Check difference between the clusters and linkage data

In [20]:
linkage_data.index.difference(clusters.index)

Index(['abaumannii_kl24', 'abaumannii_ph3', 'abaumannii_ph4'], dtype='object')

Clusters for abaumannii_kl24 abaumannii_ph3 and abaumannii_ph4 are missing because we didn't model these.

#### Merge data

In [21]:
linkage_data = linkage_data.join(clusters, how='inner')

#### Add extra substrate data

We define "Substrate set" as the combination of donor and acceptor substrate sorted alphabetically (donor/acceptor agnostic)

In [22]:
linkage_data['Substrate set'] = linkage_data[
    ['Donor substrate', 'Acceptor substrate']].apply(
    lambda x: ' '.join(sorted(x)), axis=1)

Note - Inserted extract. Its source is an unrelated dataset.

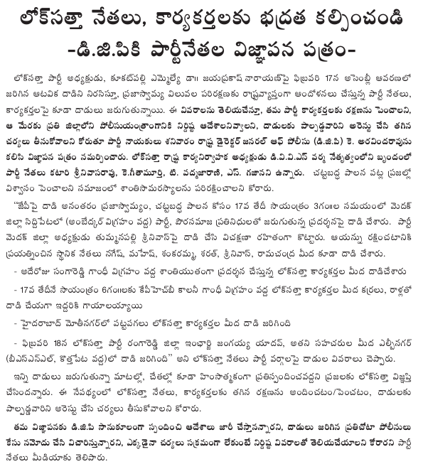 The following is the text of representation that Lok Satta team led by Party Working President DVVS Varma submitted to DGP, seeking security cover to Lok Satta Party leaders and activists, immediately arresting all the culprits involved in the widespread attacks and pursuing necessary course of action...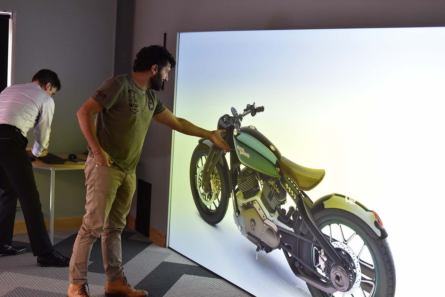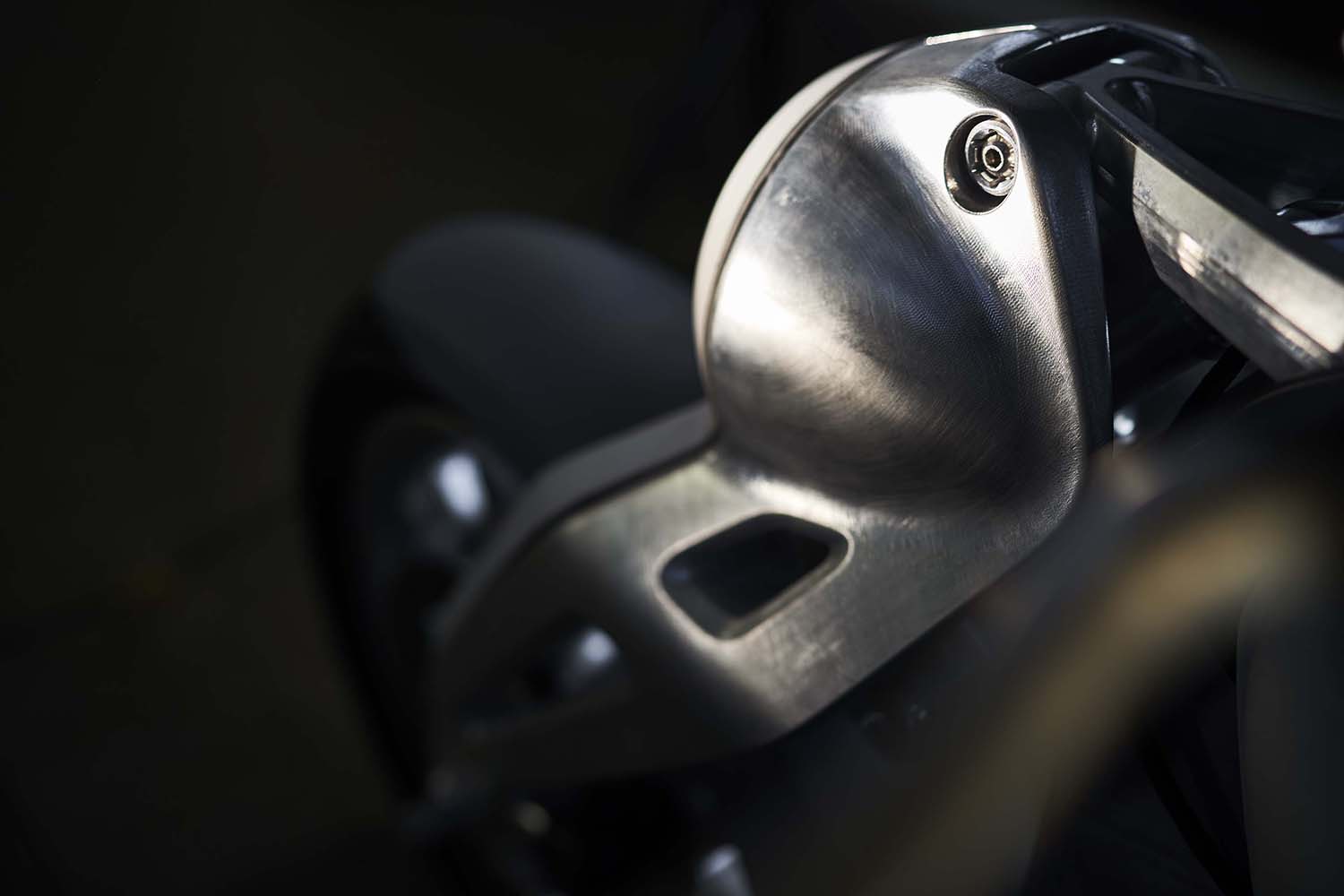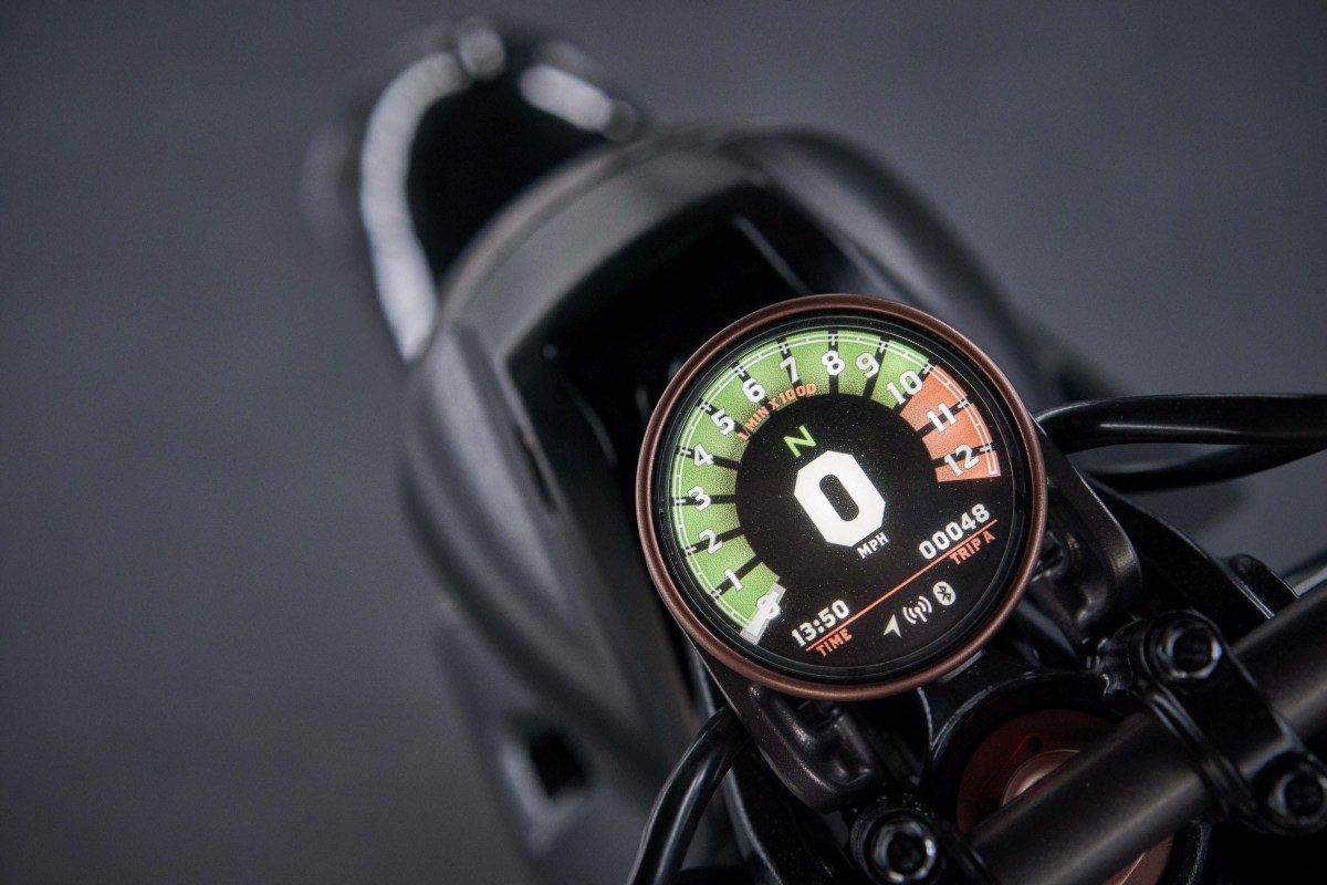 在輪胎上也能看到Royal Enfield替這輛KX概念車裝上了Brembo的卡鉗來替那具比例龐大的838cc 油冷V型雙缸引擎,雖然Royal Enfield並沒有透露更多相關的消息,不過從先前Royal Enfield提過的未來展望看來,這具引擎非常有可能會在近年出現在Royal Enfield的市售車款上。

We define "Linkage" as the ordered combination of donor, carbons and acceptor.

In [23]:
linkage_data['Linkage'] = linkage_data[
    ['Donor substrate', 'Carbon positions', 'Acceptor substrate']].apply(
    lambda x: '-'.join(x), axis=1)

## Stats

### Run Chi-square test of independence for _A. baumannii_

#### Define a statistics helper function

In [63]:
from itertools import combinations
from typing import Generator
import numpy as np
import pandas as pd
from scipy.stats import chi2_contingency, fisher_exact, false_discovery_control

def pairwise_fisher(xtab: pd.DataFrame) -> Generator[dict, None, None]:
    """
    Performs pairwise Fisher's exact tests on a contingency table.
    This vectorized version is significantly faster than row-by-row iteration.
    """
    col_sums = xtab.sum(axis=0)
    for group1, group2 in combinations(xtab.columns, 2):
        # Get the counts for the two groups
        counts1 = xtab[group1].values
        counts2 = xtab[group2].values
        
        # Calculate the 'other' counts for each row
        other1 = col_sums[group1] - counts1
        other2 = col_sums[group2] - counts2
        
        # Create a 3D array of 2x2 tables for all variables at once
        tables = np.array([counts1, counts2, other1, other2]).T.reshape(-1, 2, 2)
        
        # Scipy's fisher_exact is not vectorized, so we still loop here,
        # but we've avoided all the slow pandas operations.
        for i, table in enumerate(tables):
            odds_ratio, p_fisher = fisher_exact(table)
            yield {'Variable': xtab.index[i], 'Group 1': group1, 'Group 2': group2,
                   'p_fisher': p_fisher, 'odds_ratio': np.nan if np.isinf(odds_ratio) else odds_ratio}

def stats(x: pd.Series, y: pd.Series) -> pd.DataFrame:
    xtab = pd.crosstab(y, x)
    chi2_cols = ['chi2', 'p_value', 'dof']
    # Return early if the contingency table is too small for a chi-square test
    if xtab.shape[0] < 2 or xtab.shape[1] < 2:
        return pd.DataFrame([{'x': x.name, 'y': y.name} | {i: np.nan for i in chi2_cols}])
    # Create a DataFrame for the main chi-square results
    chi2_df = pd.DataFrame([{'x': x.name, 'y': y.name} | dict(zip(chi2_cols, chi2_contingency(xtab)[:3]))])
    # Perform pairwise Fisher's tests
    fisher_df = pd.DataFrame(pairwise_fisher(xtab))
    # If there are valid Fisher results, calculate adjusted p-values and join
    if not fisher_df.empty and 'p_fisher' in fisher_df.columns:
        fisher_df.dropna(subset=['p_fisher'], inplace=True)
        if not fisher_df.empty:
            fisher_df['p_adjusted'] = false_discovery_control(fisher_df['p_fisher'])
            # Cross-join the chi2 results with the fisher results
            return chi2_df.merge(fisher_df, how='cross')     
    return chi2_df

#### Run pairwise stats for all variables

In [65]:
linkage_data_stats = pd.concat(stats(linkage_data[x], linkage_data[y]) for x, y in combinations(linkage_data.columns, 2))
linkage_data_stats = linkage_data_stats[linkage_data_stats['p_adjusted'] < 0.05]
linkage_data_stats.to_csv(result_path / 'linkage_data_stats_significant.csv.zst', index=False, compression='zstd')